Protection against container fork bombs [WAS: Re: memcg with kmem limit doesn't recover after disk i/o causes limit to be hit]

Thu May 8 15:25:18 UTC 2014

Marian Marinov wrote:
> On 05/07/2014 08:15 PM, Dwight Engen wrote:
> >On Tue, 06 May 2014 14:40:55 +0300
> >Marian Marinov <mm at yuhu.biz> wrote:
> >
> >>On 04/23/2014 03:49 PM, Dwight Engen wrote:
> >>>On Wed, 23 Apr 2014 09:07:28 +0300
> >>>Marian Marinov <mm at yuhu.biz> wrote:
> >>>
> >>>>On 04/22/2014 11:05 PM, Richard Davies wrote:
> >>>>>Dwight Engen wrote:
> >>>>>>Richard Davies wrote:
> >>>>>>>Vladimir Davydov wrote:
> >>>>>>>>In short, kmem limiting for memory cgroups is currently broken.
> >>>>>>>>Do not use it. We are working on making it usable though.
> >>>>>...
> >>>>>>>What is the best mechanism available today, until kmem limits
> >>>>>>>mature?
> >>>>>>>
> >>>>>>>RLIMIT_NPROC exists but is per-user, not per-container.
> >>>>>>>
> >>>>>>>Perhaps there is an up-to-date task counter patchset or similar?
> >>>>>>
> >>>>>>I updated Frederic's task counter patches and included Max
> >>>>>>Kellermann's fork limiter here:
> >>>>>>
> >>>>>>http://thread.gmane.org/gmane.linux.kernel.containers/27212
> >>>>>>
> >>>>>>I can send you a more recent patchset (against 3.13.10) if you
> >>>>>>would find it useful.
> >>>>>
> >>>>>Yes please, I would be interested in that. Ideally even against
> >>>>>3.14.1 if you have that too.
> >>>>
> >>>>Dwight, do you have these patches in any public repo?
> >>>>
> >>>>I would like to test them also.
> >>>
> >>>Hi Marian, I put the patches against 3.13.11 and 3.14.1 up at:
> >>>
> >>>git://github.com/dwengen/linux.git cpuacct-task-limit-3.13
> >>>git://github.com/dwengen/linux.git cpuacct-task-limit-3.14
> >>>
> >>Guys I tested the patches with 3.12.16. However I see a problem with
> >>them.
> >>
> >>Trying to set the limit to a cgroup which already have processes in
> >>it does not work:
> >
> >This is a similar check/limitation to the one for kmem in memcg, and is
> >done here to keep the res_counters consistent and from going negative.
> >It could probably be relaxed slightly by using res_counter_set_limit()
> >instead, but you would still need to initially set a limit before
> >adding tasks to the group.
> 
> I have removed the check entirely and still receive the EBUSY... I
> just don't understand what is returning it. If you have any
> pointers, I would be happy to take a look.
> 
> I'll look at set_limit(), thanks for pointing that one.
> 
> What I'm proposing is the following checks:
> 
>     if (val > RES_COUNTER_MAX || val < 0)
>         return -EBUSY;
>     if (val != 0 && val <= cgroup_task_count(cgrp))
>         return -EBUSY;
> 
>     res_counter_write_u64(&ca->task_limit, type, val);
> 
> This way we ensure that val is within the limits > 0 and <
> RES_COUNTER_MAX. And also allow only values of 0 or greater then the
> current task count.

I have also noticed that I can't change many different cgroup limits while
there are tasks running in the cgroup - not just cpuacct.task_limit, but
also kmem and even normal memory.limit_in_bytes

I would like to be able to change all of these limits, as long as the new
limit is greater than the actual current use.
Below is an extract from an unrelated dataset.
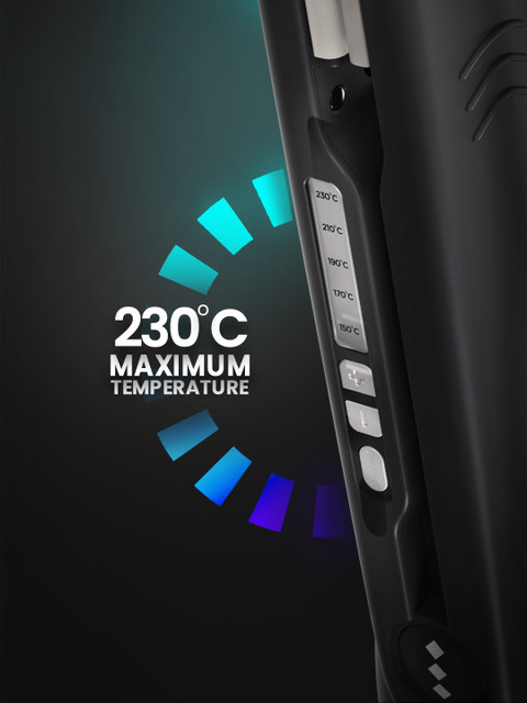LED display with adjustable temperature range from 150 C to 230 C. Professional PTC Heater and Dual Ceramic Heaters for immediate heat up and rapid heat recovery. Bevelled Edges for straightening, styling, and volumising. Auto adjustable floating plates to provide full contact across the entire plate surface for easy glide styling with no gaps or pulling

Could a method like this be used for all of the others too?

Richard.

> >>[root at sp2 lxc]# echo 50 > cpuacct.task_limit
> >>-bash: echo: write error: Device or resource busy
> >>[root at sp2 lxc]# echo 0 > cpuacct.task_limit
> >>-bash: echo: write error: Device or resource busy
> >>[root at sp2 lxc]#
> >>
> >>I have even tried to remove this check:
> >>+               if (cgroup_task_count(cgrp)
> >>|| !list_empty(&cgrp->children))
> >>+                       return -EBUSY;
> >>But still give me 'Device or resource busy'.
> >>
> >>Any pointers of why is this happening ?
> >>
> >>Marian